Recorded information:
· · · · ·

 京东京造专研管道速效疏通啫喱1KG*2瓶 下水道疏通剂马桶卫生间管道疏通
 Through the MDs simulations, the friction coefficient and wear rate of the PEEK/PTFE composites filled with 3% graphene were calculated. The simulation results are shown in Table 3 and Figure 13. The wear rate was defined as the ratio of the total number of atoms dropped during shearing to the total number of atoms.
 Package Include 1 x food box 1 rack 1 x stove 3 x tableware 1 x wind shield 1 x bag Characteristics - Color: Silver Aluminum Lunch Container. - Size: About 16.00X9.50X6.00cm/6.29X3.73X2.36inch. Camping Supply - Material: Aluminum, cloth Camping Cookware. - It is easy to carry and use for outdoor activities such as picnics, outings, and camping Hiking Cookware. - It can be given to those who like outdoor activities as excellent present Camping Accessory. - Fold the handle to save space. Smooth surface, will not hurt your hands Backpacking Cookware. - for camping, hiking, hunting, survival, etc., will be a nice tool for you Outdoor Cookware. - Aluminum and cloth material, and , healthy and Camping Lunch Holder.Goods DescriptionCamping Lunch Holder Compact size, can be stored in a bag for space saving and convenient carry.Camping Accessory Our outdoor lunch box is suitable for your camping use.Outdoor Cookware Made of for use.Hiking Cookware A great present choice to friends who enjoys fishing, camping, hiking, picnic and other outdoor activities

· · · · ·

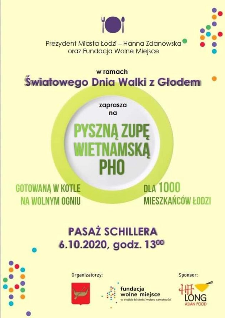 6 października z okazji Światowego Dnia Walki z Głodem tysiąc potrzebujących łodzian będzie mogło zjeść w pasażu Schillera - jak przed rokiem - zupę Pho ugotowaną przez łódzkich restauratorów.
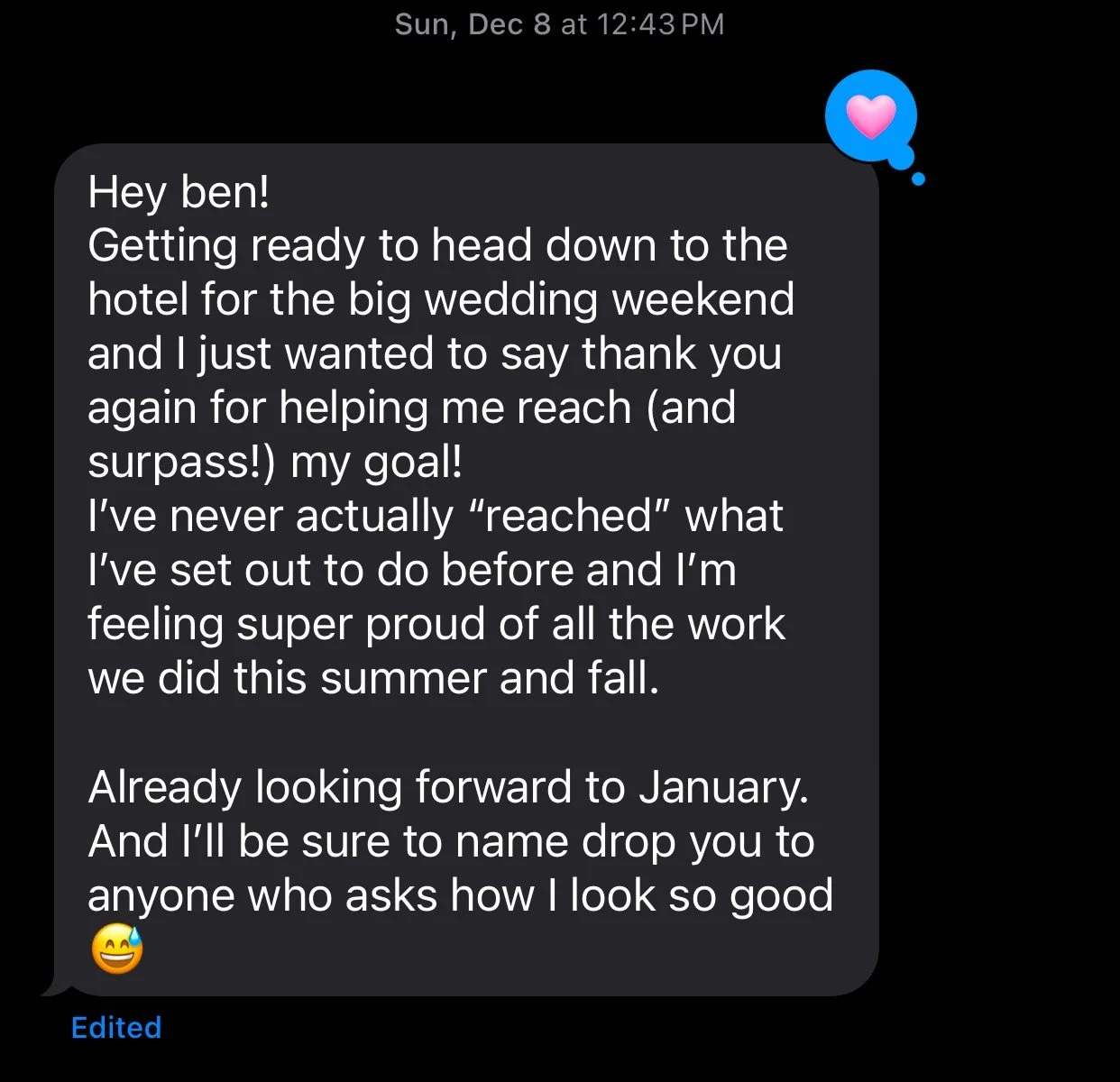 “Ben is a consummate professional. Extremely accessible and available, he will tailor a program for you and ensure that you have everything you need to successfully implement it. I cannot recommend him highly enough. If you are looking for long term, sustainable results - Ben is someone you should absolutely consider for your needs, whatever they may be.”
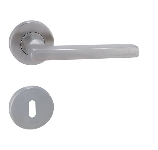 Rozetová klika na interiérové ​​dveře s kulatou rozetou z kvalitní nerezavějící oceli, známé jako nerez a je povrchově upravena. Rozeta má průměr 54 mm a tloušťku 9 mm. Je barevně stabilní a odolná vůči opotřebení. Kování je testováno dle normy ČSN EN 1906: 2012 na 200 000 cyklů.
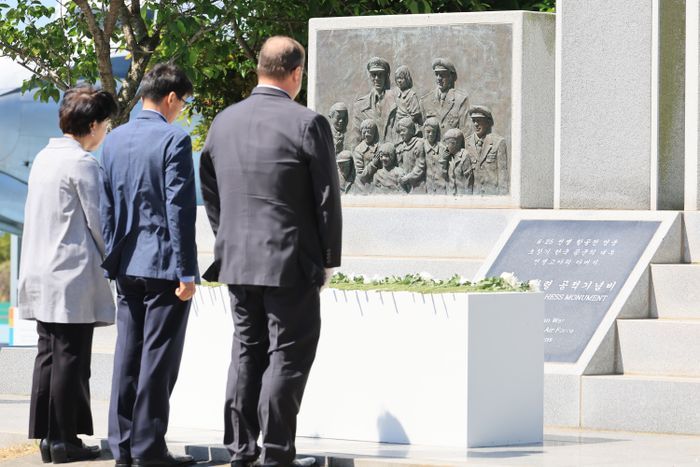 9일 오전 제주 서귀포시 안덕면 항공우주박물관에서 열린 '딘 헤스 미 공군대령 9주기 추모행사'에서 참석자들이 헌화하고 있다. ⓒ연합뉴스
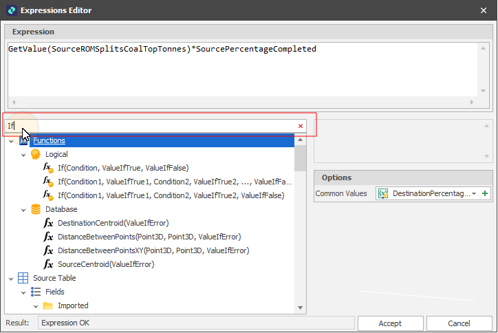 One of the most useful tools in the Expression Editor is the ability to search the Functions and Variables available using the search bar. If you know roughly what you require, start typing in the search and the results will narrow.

· · · · ·

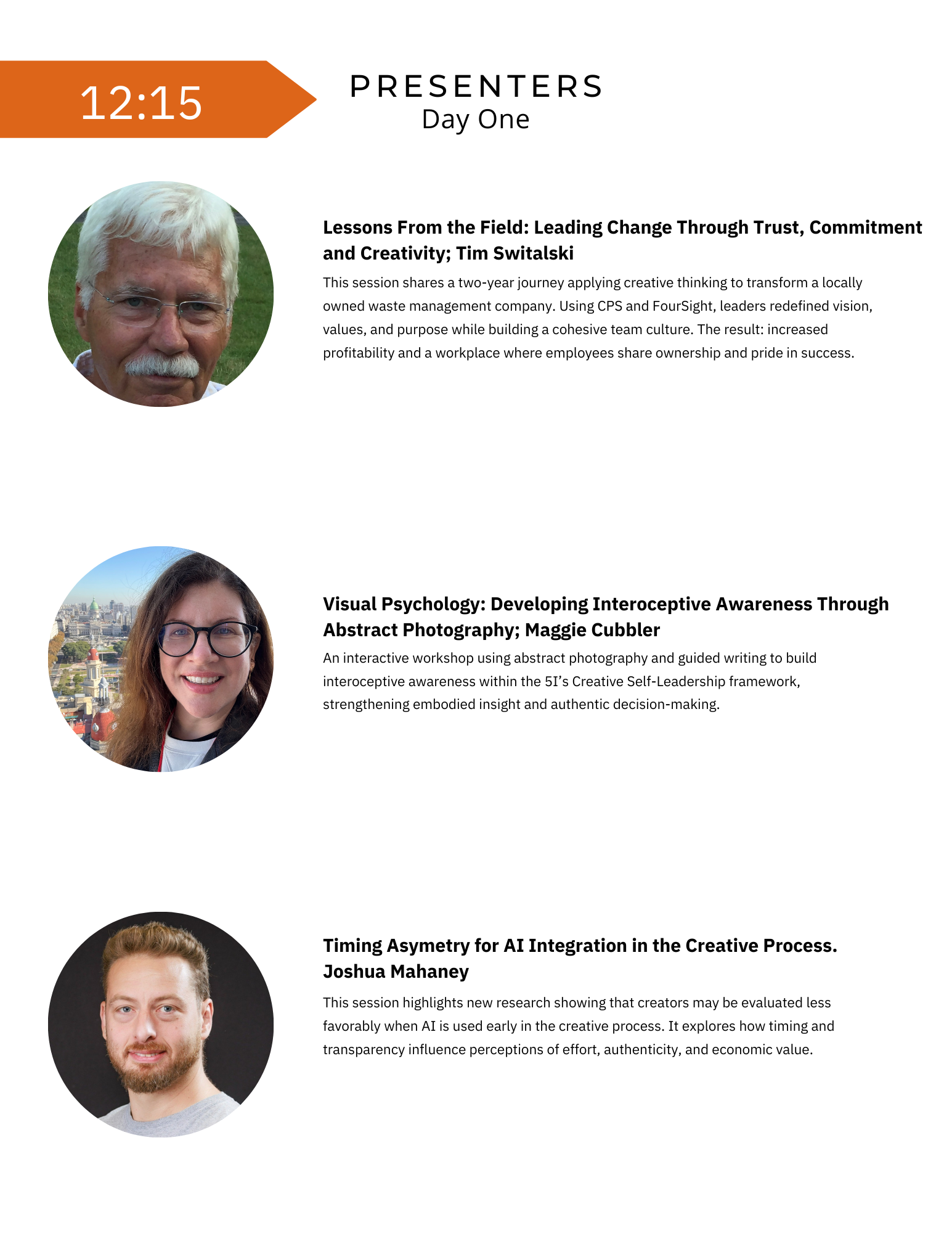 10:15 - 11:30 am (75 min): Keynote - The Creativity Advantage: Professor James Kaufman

· · · · ·

The problem:
Going back to the entries above, set down exactly the lines that begin at the one with "京东京造专研管道速效疏通啫喱1KG*2瓶 下水道疏通剂马桶卫生间管道疏通" and end at the one with "Package Include 1", both included, and nothing else.

Expected answer:
 京东京造专研管道速效疏通啫喱1KG*2瓶 下水道疏通剂马桶卫生间管道疏通
 Through the MDs simulations, the friction coefficient and wear rate of the PEEK/PTFE composites filled with 3% graphene were calculated. The simulation results are shown in Table 3 and Figure 13. The wear rate was defined as the ratio of the total number of atoms dropped during shearing to the total number of atoms.
 Package Include 1 x food box 1 rack 1 x stove 3 x tableware 1 x wind shield 1 x bag Characteristics - Color: Silver Aluminum Lunch Container. - Size: About 16.00X9.50X6.00cm/6.29X3.73X2.36inch. Camping Supply - Material: Aluminum, cloth Camping Cookware. - It is easy to carry and use for outdoor activities such as picnics, outings, and camping Hiking Cookware. - It can be given to those who like outdoor activities as excellent present Camping Accessory. - Fold the handle to save space. Smooth surface, will not hurt your hands Backpacking Cookware. - for camping, hiking, hunting, survival, etc., will be a nice tool for you Outdoor Cookware. - Aluminum and cloth material, and , healthy and Camping Lunch Holder.Goods DescriptionCamping Lunch Holder Compact size, can be stored in a bag for space saving and convenient carry.Camping Accessory Our outdoor lunch box is suitable for your camping use.Outdoor Cookware Made of for use.Hiking Cookware A great present choice to friends who enjoys fishing, camping, hiking, picnic and other outdoor activities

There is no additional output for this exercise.